O acampamento tem poucos homens. Alguns permaneceram com as últimas cabeças de gado, em busca de algum pasto milagroso, e outros tentam procurar trabalho na cidade. E alguns fugiram, incapazes de lidar com a vergonha ou as perguntas de suas esposas preocupadas.

A seca também abalou a organização social destas comunidades. 

"Antes, os homens tinham a tarefa de ordenhar as vacas, conduzir os rebanhos para os pastos, comprar alimentos e bens para a família", explica Halima Harbi, uma das deslocadas do acampamento, de 40 anos e mãe de nove filhos. "Estes papéis desapareceram com o nosso gado", afirma. 

Dilemas terríveis 
As crianças estão pagando um preço elevado pela seca: sobrecarregados com os problemas, os pais "não têm tempo para cuidar dos filhos, explica Ali Nur Mohamed, da Save The Children.

A ONG visita comunidades para detectar crianças em situação de perigo, que são transportadas para estruturas médicas, como o hospital de Gode. 

Muitos pais enfrentam dilemas terríveis, como escolher entre cuidar dos filhos ou arriscar perder o gado. 

O filho de Abdullahi Goran, cujo cabelo perdeu a cor devido à desnutrição, sofreu por semanas com vômitos e diarreia.

"Eu estava cuidando do gado, não tinha tempo para meu filho", explica o homem de 30 anos. Ele é o único pai no salão. Por causa da seca, relata, perdeu dois de seus cinco dromedários, 80% de suas cabras e todas as vacas.

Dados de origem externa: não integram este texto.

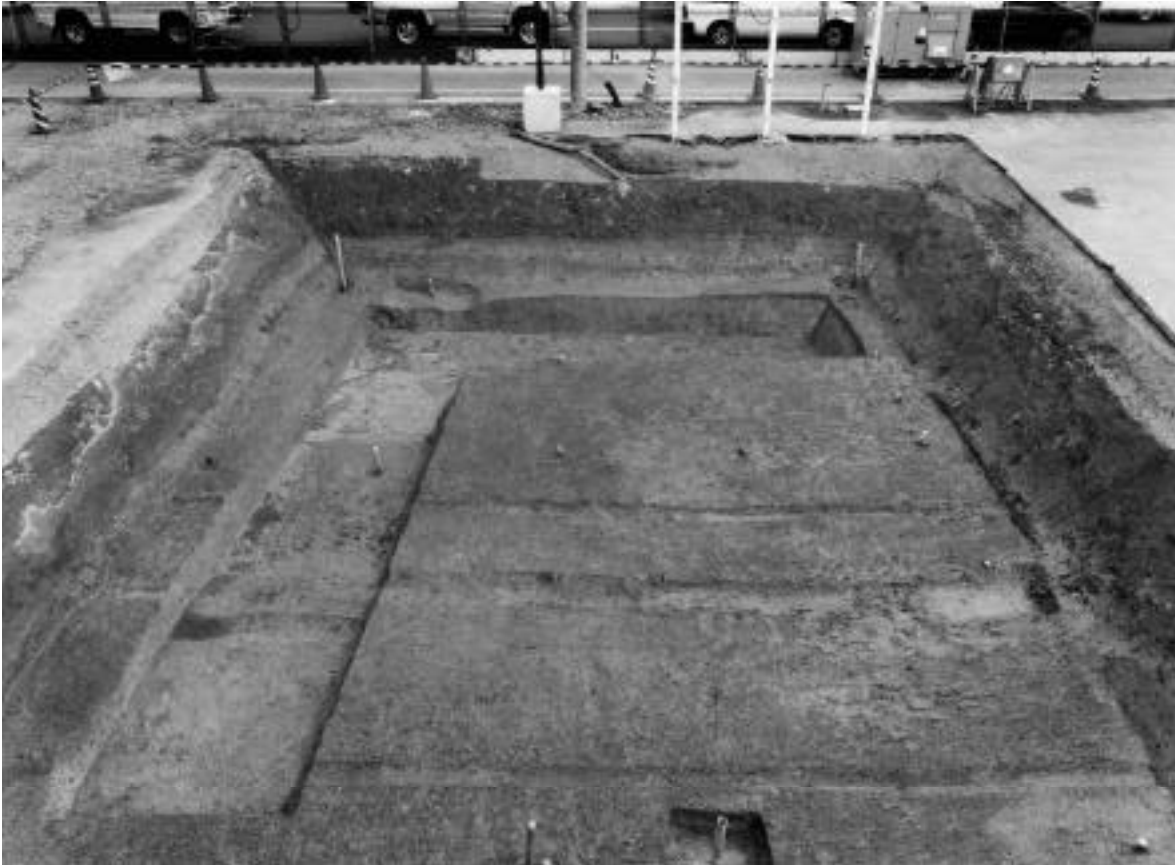
2 1区第2面全景(西から)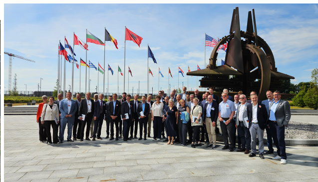
Participants de Bavière et du Bade-Wurtemberg dans le cadre du séminaire Hallstein lors de la visite de l'OTAN à Bruxelles.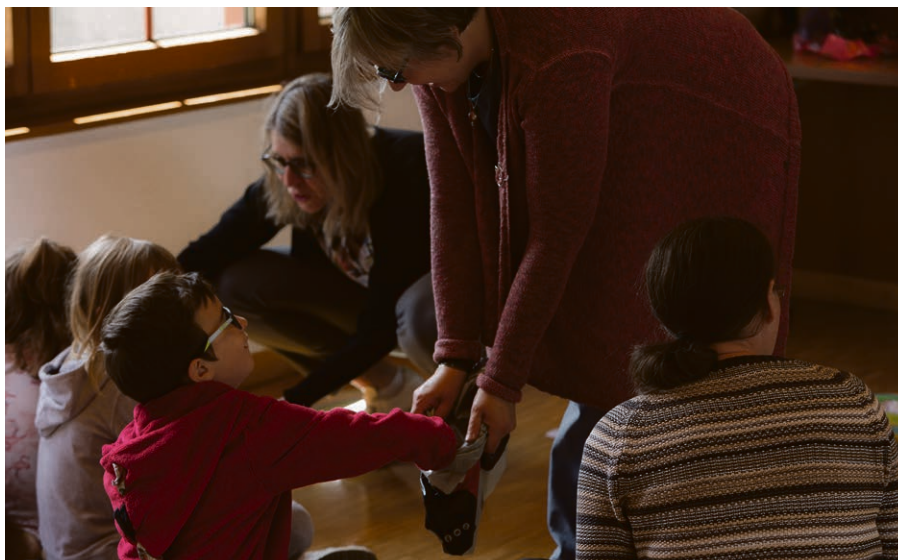
L'atelier du toucher.

Ayan Ibrahim Harun ficou diante da mesma situação. Sua de dois anos estava doente há um mês - com tosse e edemas por todo o corpo - quando ele decidiu levá-la ao ambulatório de Kelafo, a quase de 100 km de Gode.

"Este ano não tivemos colheita", declarou. "Tinha 10 cabras [...] quatro morreram nos 11 dias que passei no hospital com Sabirin", afirma a mulher, resignada.